Bedingt. Anthropic hat .claudeignore implementiert, es gibt jedoch dokumentierte Fälle, in denen Claude Code Dateien trotz Eintrag lesen konnte. Die empfohlene Alternative ist permissions.deny in .claude/settings.json.

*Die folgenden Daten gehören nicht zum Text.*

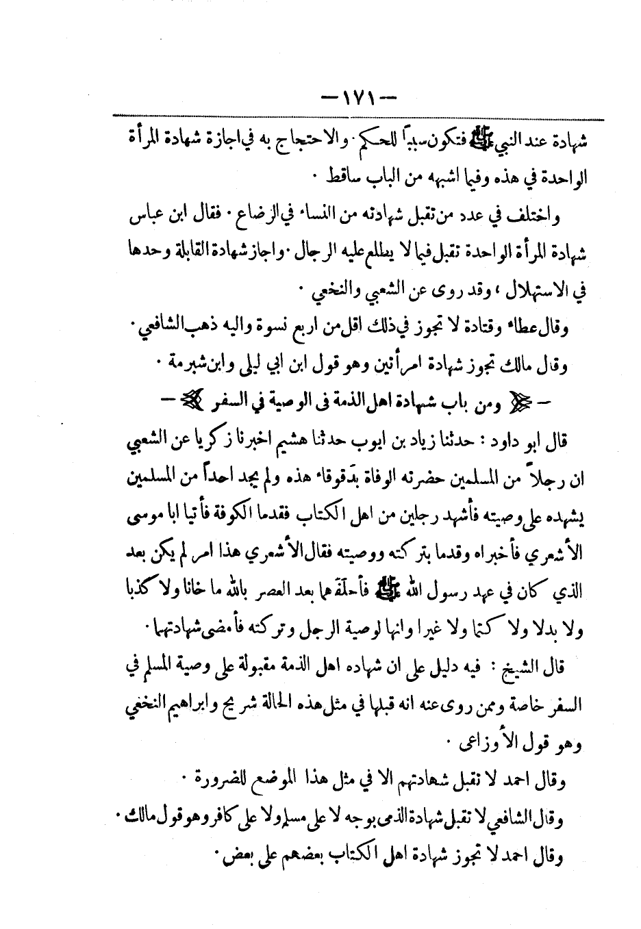 قال الشيخ: فيه دليل على أن شهادة أهل الذمة مقبولة على وصية المسلم في السفر خاصة وممن روي عنه أنه قبلها في مثل هذه الحالة شريح وإبراهيم النخعي وهو قول الأوزاعي.
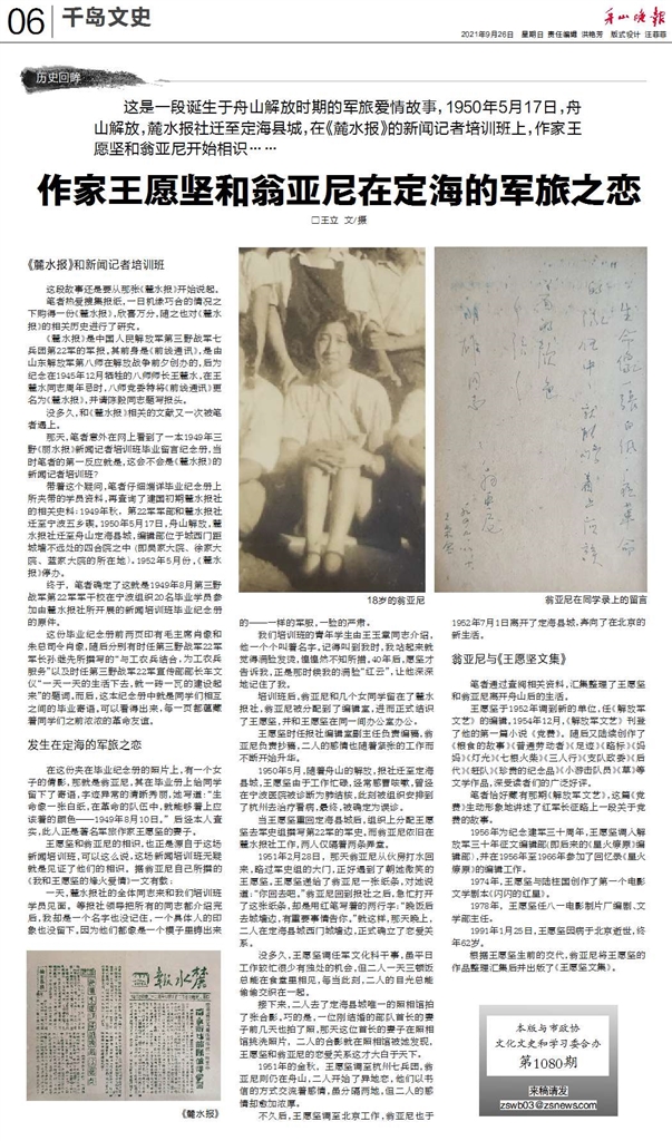 近三年的时间里,王立陆续为“千岛文史”供了二十余篇文史类稿件,也因此与晚报结下了深厚的缘分。晚报改版之际,王立也送来了他的祝愿与期许。

Die großen Anbieter (Anthropic, Microsoft, Cursor) geben an, Code-Daten nicht für Modelltraining zu verwenden. Der Code wird jedoch zur Verarbeitung an deren Server übertragen. Prüfen Sie die aktuellen Datenschutzrichtlinien und aktivieren Sie den Privacy Mode, wo verfügbar.
Am besten gar keine Produktionsdaten lokal vorhalten. Arbeiten Sie mit anonymisierten Entwicklungsdatenbanken. Falls Sie Dumps temporär benötigen: In permissions.deny aufnehmen (Read(**/*.sql), Read(**/*.sql.gz)) und nach dem Import sofort löschen.
Wenn personenbezogene Daten an den AI-Anbieter übertragen werden könnten, ja. In der Praxis ist es einfacher, die Übertragung technisch zu unterbinden (über permissions.deny und Privacy Modes), als für jedes Tool einen AVV abzuschließen.
Keines ist „von Haus aus" sicher – alle erfordern bewusste Konfiguration. GitHub Copilot bietet die umfangreichsten Enterprise-Zertifizierungen (SOC 1/2/3, ISO 27001). Claude Code überzeugt mit dem granularen permissions.deny-Mechanismus. Cursor und Windsurf bieten effektive Privacy Modes. Entscheidend ist, dass Sie den jeweiligen Schutzmechanismus auch aktivieren.
Fazit
AI-Coding-Tools sind ein enormer Produktivitätsgewinn – aber sie erfordern ein Bewusstsein für Datenschutz, das über die übliche .gitignore hinausgeht. Die gute Nachricht: Mit wenigen Konfigurationsschritten lässt sich das Risiko erheblich reduzieren.
Mein Ansatz ist pragmatisch: Ich nutze Claude Code täglich und intensiv. Aber ich stelle sicher, dass sensible Dateien über permissions.deny geschützt sind, keine Produktionsdaten lokal herumliegen und mein Team weiß, welche Regeln gelten.
Für Contao- und Shopware-Projekte ist das besonders relevant, weil wir regelmäßig mit Kundendaten, Payment-Credentials und Server-Zugangsdaten arbeiten. Die vier Schritte aus der Checkliste oben dauern keine zehn Minuten – und ersparen Ihnen im Ernstfall eine Menge Ärger.
Mein Rat? Richten Sie permissions.deny ein. Heute noch. Es ist die beste Investition von zehn Minuten, die Sie in Ihrem nächsten Projekt machen können.